Beginning with the line that contains "准备休息了, 看眼国际贵金属情况。 国际贵金属的四大品种" and ending with the last line of the records, write out each line exactly and omit the pictures.

== Segment start ==

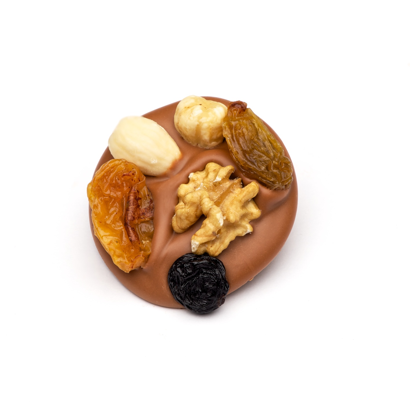 Fondant chocolade Amandelen, Hazelnoten, Rozijnen, Walnoten
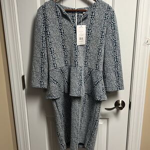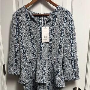 NWT TYLER BOE Women's Blue Reptile Print Long Sleeve Peplum Knit Dress Sz S
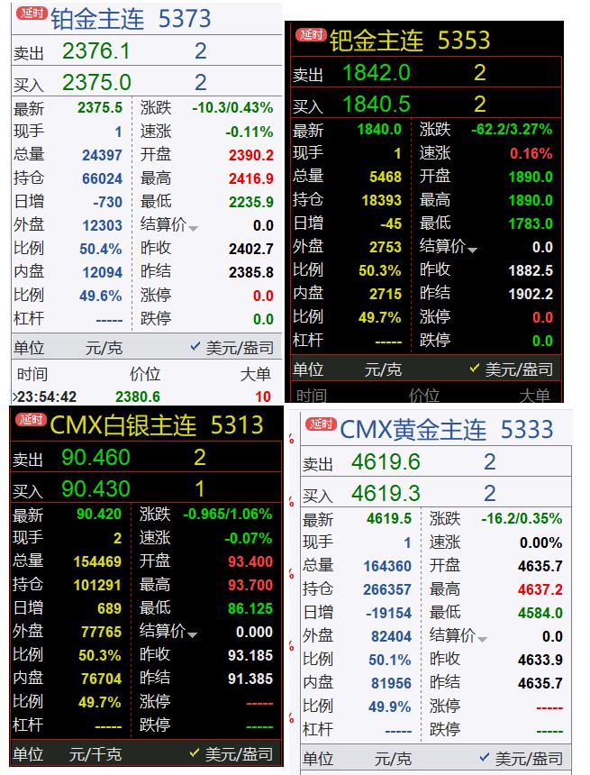 准备休息了, 看眼国际贵金属情况。 国际贵金属的四大品种 齐刷刷回落,都呈现跌势。 纽约交易所的黄金 跌势最弱,为0.35%; 铂金主连下跌0.43%; 白银期货下跌1.06%; 钯金主连下跌3.27%。 关注贵金属下方支撑情况!
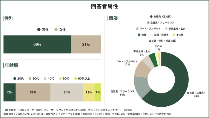 ポータブル電源・アウトドア家電ブランドのPowerArQ(本社:大阪府)は2026年2月、ゴルフ経験者104名を対象に「プレー中・ラウンド中に使いたい家電・ガジェット」に関するアンケートを実施しました。
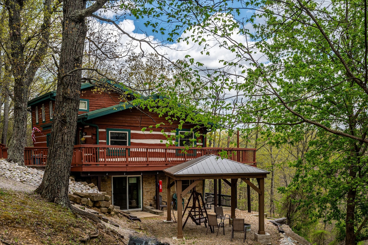 ¡The Lodge at Treetop Retreat es un antiguo estudio de grabación con una vista INCREÍBLE! Ubicado en lo alto de una de las colinas más altas del condado de Brown, este enorme espacio cuenta con techos de 20 pies en la gran sala de concepto abierto. Con una bañera de hidromasaje cubierta, bañera de hidromasaje, chimenea de gas (de temporada), mesa de billar y un montón de espacio interior abierto, este es un lugar genial para relajarse. Cama tamaño king en la planta baja y dos camas tamaño queen en el loft. Un porche delantero con columpio en el porche y una terraza trasera con sillas y una parrilla de carbón.

== Segment end ==

§ **ANSWER**
 准备休息了, 看眼国际贵金属情况。 国际贵金属的四大品种 齐刷刷回落,都呈现跌势。 纽约交易所的黄金 跌势最弱,为0.35%; 铂金主连下跌0.43%; 白银期货下跌1.06%; 钯金主连下跌3.27%。 关注贵金属下方支撑情况!
 ポータブル電源・アウトドア家電ブランドのPowerArQ(本社:大阪府)は2026年2月、ゴルフ経験者104名を対象に「プレー中・ラウンド中に使いたい家電・ガジェット」に関するアンケートを実施しました。
 ¡The Lodge at Treetop Retreat es un antiguo estudio de grabación con una vista INCREÍBLE! Ubicado en lo alto de una de las colinas más altas del condado de Brown, este enorme espacio cuenta con techos de 20 pies en la gran sala de concepto abierto. Con una bañera de hidromasaje cubierta, bañera de hidromasaje, chimenea de gas (de temporada), mesa de billar y un montón de espacio interior abierto, este es un lugar genial para relajarse. Cama tamaño king en la planta baja y dos camas tamaño queen en el loft. Un porche delantero con columpio en el porche y una terraza trasera con sillas y una parrilla de carbón.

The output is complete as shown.